# 54 boxes .223. Pace Walmart now.



## Catchin Hell (Oct 9, 2007)

$7.97 ea.


----------



## panhandleslim (Jan 11, 2013)

What brand of ammo? Grain weight and brand?


----------



## carman (Aug 11, 2010)

They gone quick.


----------



## Catchin Hell (Oct 9, 2007)

Sorry, didn't see this until tonight and I wouldn't know without reading it off the box. I hope some of you guys got some, I just saw them in passing...


----------



## Shoot Straight (May 30, 2013)

I missed it also. Say anybody have any current leads for buying 9mm FMJ 115-124 gr ammo? So frustrating. Thanks!


----------



## Hobart (Nov 27, 2012)

I know Scott's in jay has been really good on ammo bought around 1000 rounds of 9mm a month or so back some 22 and 40 no 223 last time I checked.


----------



## reel trouble (Jan 19, 2010)

I found an awesome site and thought I would share.....www.gunbot.net
Basically you just select the caliber of ammo and this site searches for it on 100's of sites and lets you know if its instock and also shows price per round and shows in red when its a good deal.


----------



## flukedaddy (Apr 11, 2009)

Shoot Straight said:


> I missed it also. Say anybody have any current leads for buying 9mm FMJ 115-124 gr ammo? So frustrating. Thanks!


 
There was a guy selling them at the flea market a few weeks ago. Close to where you enter the inside part.

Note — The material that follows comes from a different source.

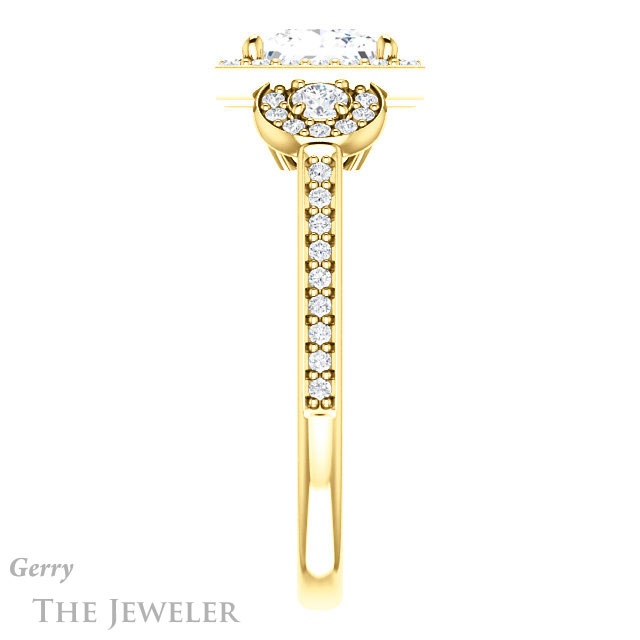 - This design can be set with your choice of certified lab grown diamond or moissanite center gem.Â

GL


----------



## Seatmech86 (Mar 8, 2011)

I am new at this whole arms thing but you see for yourself this is a pretty good site as well. 

http://www.wikiarms.com/


----------



## Burnt Drag (Jun 3, 2008)

I just got 500 rds 9mm hollow points from a guy in pace and a brick of .22lr for $20.00 both from individuals... ya gotta look around!


----------